Always when creating new ClickHouse tables
Before altering table schema or changing ORDER BY/PARTITION BY
When queries on large tables are slower than expected
When compression ratios or storage growth are concerning
When implementing automated retention or tiered storage with TTL

Best practices

Choose ORDER BY columns in the order most commonly filtered: low-cardinality first, then time, then higher-cardinality keys
Use PARTITION BY for management (partition size targets), not primary filtering; prefer monthly partitions for analytics
Pick the smallest numeric and time types that fit needs; avoid nullable where possible and prefer DEFAULTs
Use LowCardinality(String) for categories with <10k uniques and enums where appropriate
Limit ORDER BY to 3–5 meaningful columns; make PRIMARY KEY a prefix of ORDER BY to shrink index
Configure TTLs for deletion and tiered storage and verify with system tables before applying changes

Example use cases

High-volume event table: ORDER BY (tenant_id, event_date, user_id), PARTITION BY toYYYYMM(event_date), TTL 12 months DELETE
Multi-tenant analytics: partition by (tenant_id, toYYYYMM(date)) to isolate tenant data and meet partition size targets
Dedup/upsert workload: use ReplacingMergeTree with deduplication key and materialized views for ingestion
PII minimization: column-level TTL to delete email/ip after 30 days while retaining aggregated metrics
Secondary lookups: add bloom_filter skip index on session_id or user_id for occasional direct lookups

FAQ

Will changing ORDER BY always require table recreation?

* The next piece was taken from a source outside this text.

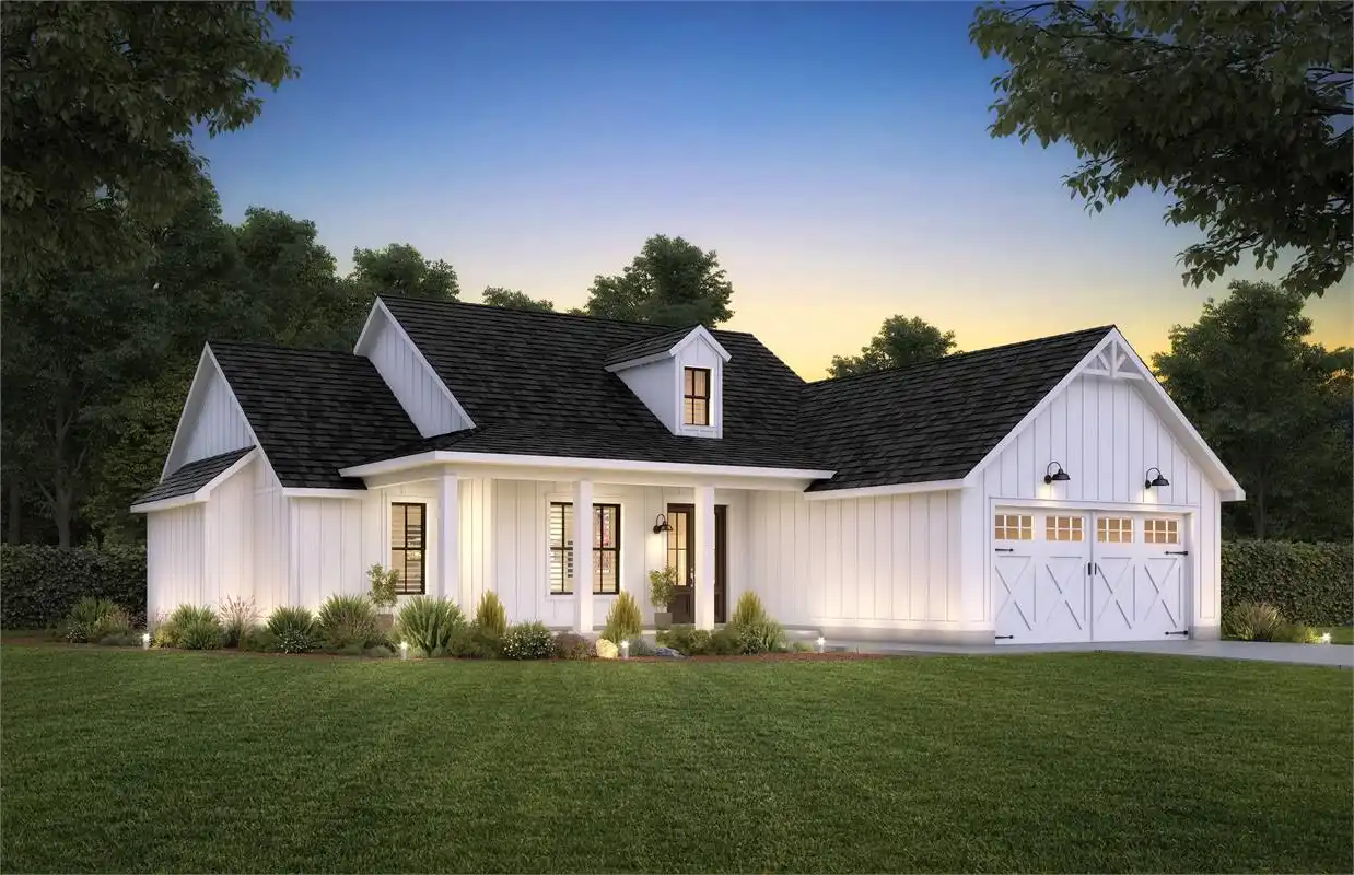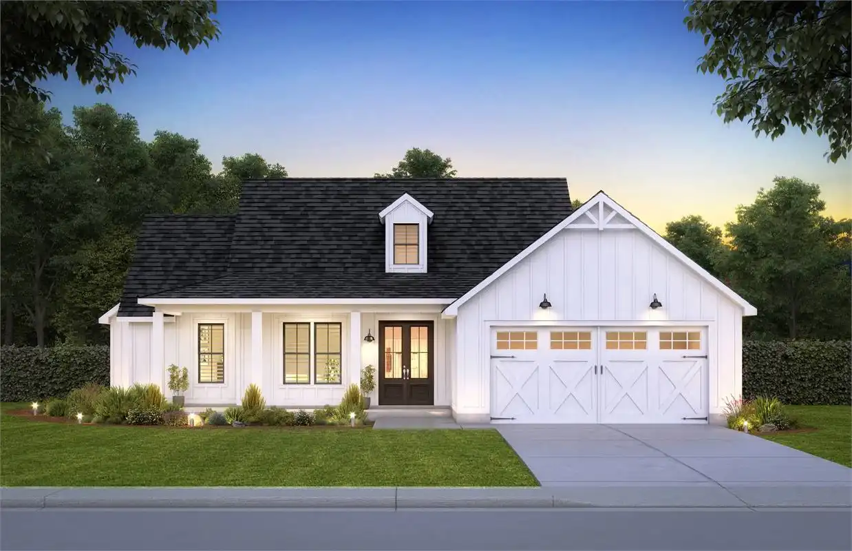 This beautiful affordable farmhouse floor plan featuring 1,600 s.f. makes for a great first home. Lovely and welcoming, this house has wonderful curb appeal. The front, wraparound porch gives plenty of space for rocking chairs or even a porch swing. Split bedrooms and an open plan plan with L-shaped kitchen, dining room and great room make for a perfect place for entertaining and family time. The master bedroom with ensuite bath is peaceful and relaxing. Enjoy outside activities on the covered porches and convenience of 2-car front entry garage.

Yes: changing the ORDER BY of an existing MergeTree requires creating a new table with the desired ORDER BY and migrating data; test and confirm before switching production tables.

How do I choose partition granularity?

Target partition sizes in the recommended ranges: general tables 1–300 GB, Summing/Replacing 400 MB–40 GB. Use monthly partitions for most analytics, daily only for very high volume (>1 TB/month).